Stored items
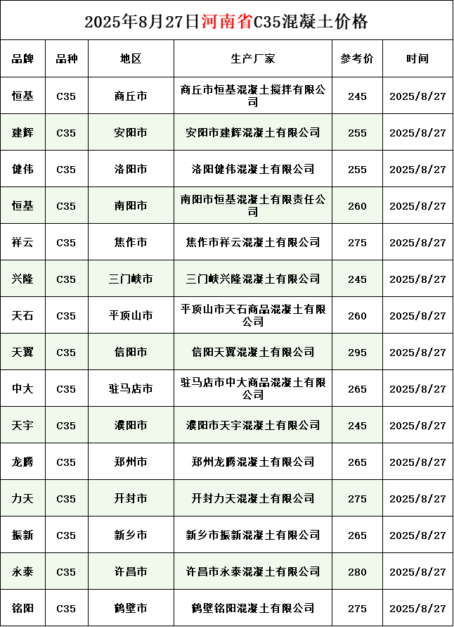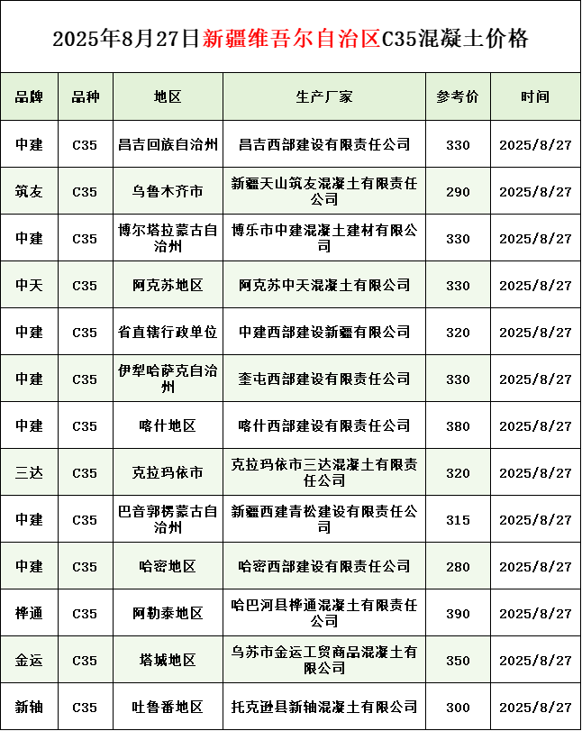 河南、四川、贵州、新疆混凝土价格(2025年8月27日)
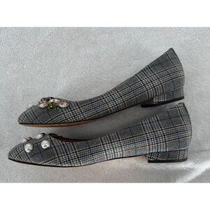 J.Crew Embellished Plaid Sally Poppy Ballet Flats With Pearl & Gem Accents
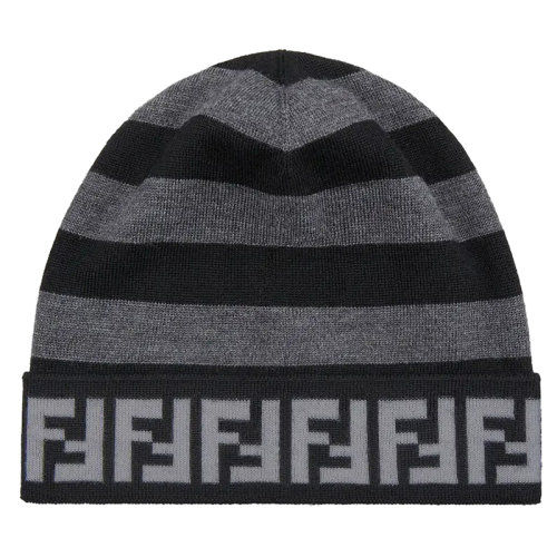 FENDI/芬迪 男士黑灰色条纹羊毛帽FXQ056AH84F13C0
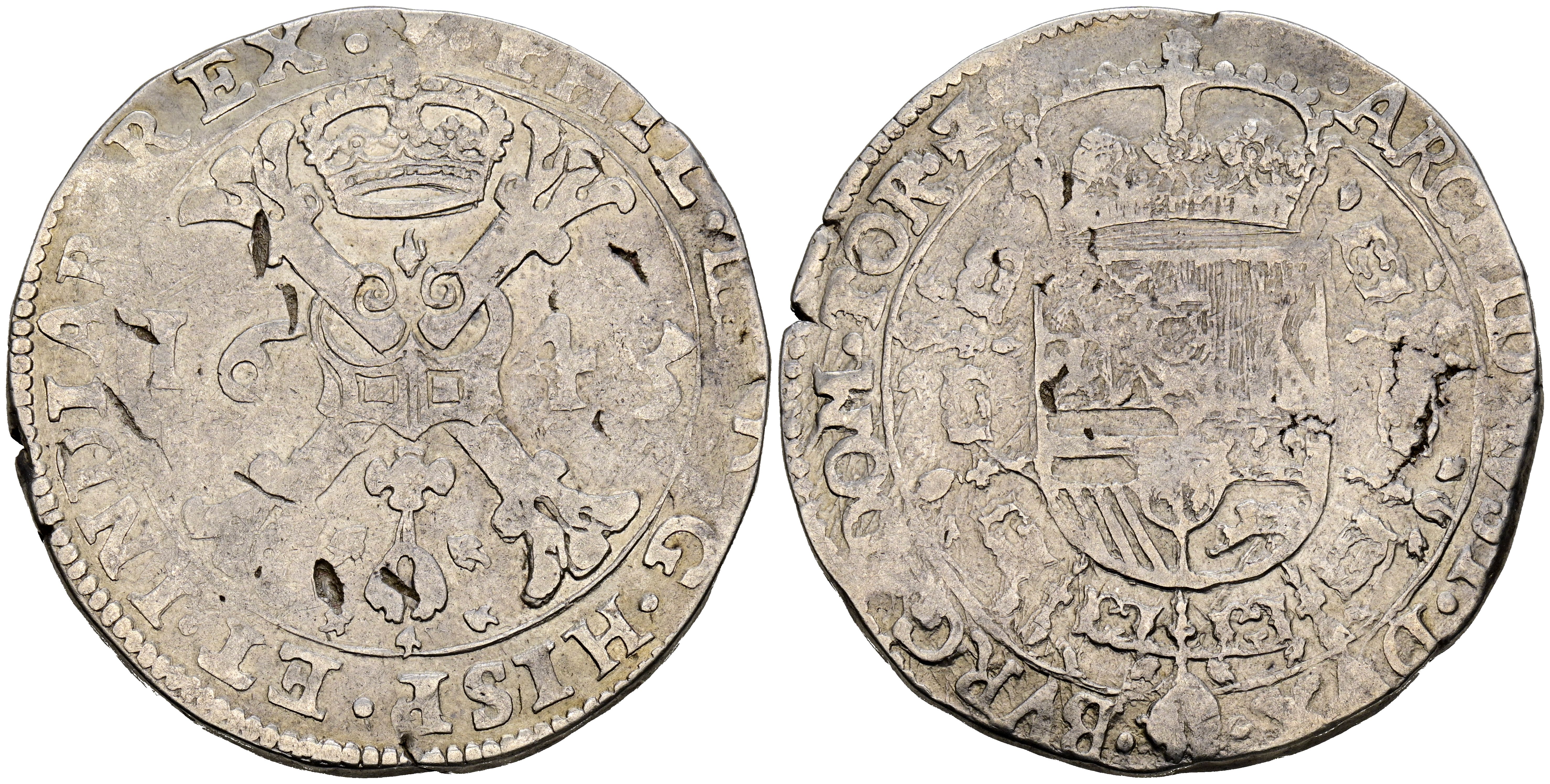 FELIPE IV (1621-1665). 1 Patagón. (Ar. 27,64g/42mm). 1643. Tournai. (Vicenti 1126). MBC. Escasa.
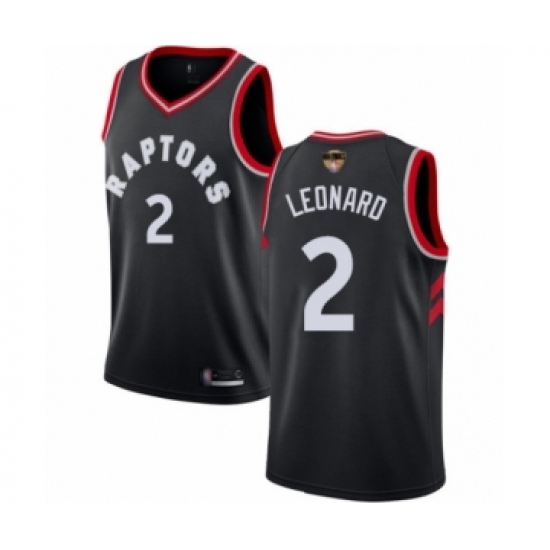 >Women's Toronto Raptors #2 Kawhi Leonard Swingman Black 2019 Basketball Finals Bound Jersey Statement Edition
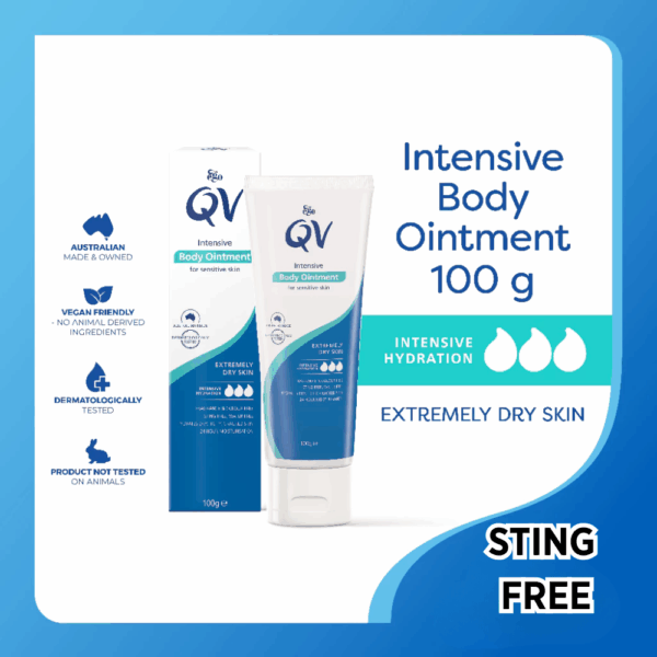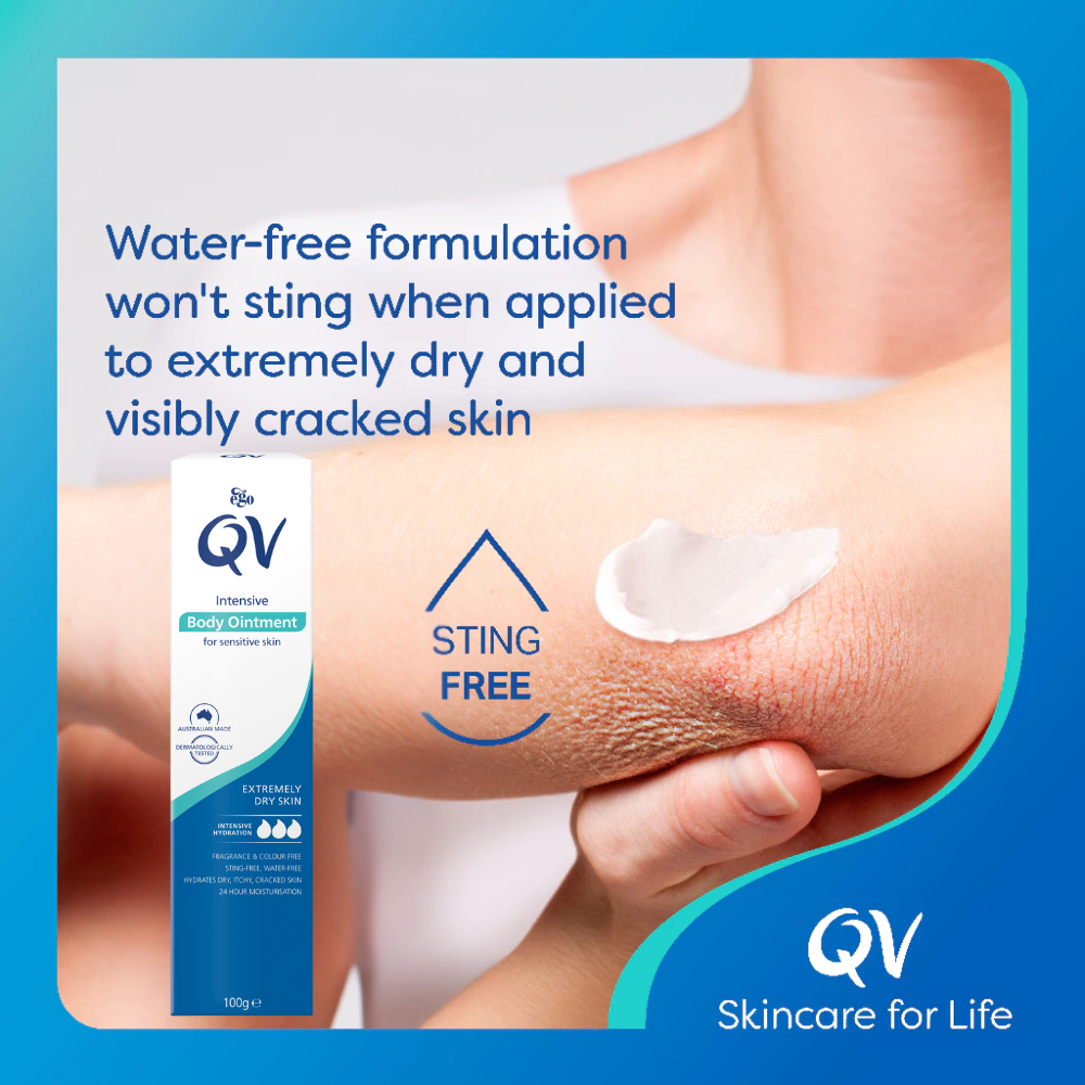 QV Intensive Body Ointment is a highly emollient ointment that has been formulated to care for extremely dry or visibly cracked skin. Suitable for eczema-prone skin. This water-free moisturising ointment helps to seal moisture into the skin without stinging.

Required work - Begin at the first line of the entries above and return each line exactly, stopping after the line that contains "Jersey Statement Edition". Pictures do not belong in the copy.

Response to the exercise -
 河南、四川、贵州、新疆混凝土价格(2025年8月27日)
 J.Crew Embellished Plaid Sally Poppy Ballet Flats With Pearl & Gem Accents
 FENDI/芬迪 男士黑灰色条纹羊毛帽FXQ056AH84F13C0
 FELIPE IV (1621-1665). 1 Patagón. (Ar. 27,64g/42mm). 1643. Tournai. (Vicenti 1126). MBC. Escasa.
 >Women's Toronto Raptors #2 Kawhi Leonard Swingman Black 2019 Basketball Finals Bound Jersey Statement Edition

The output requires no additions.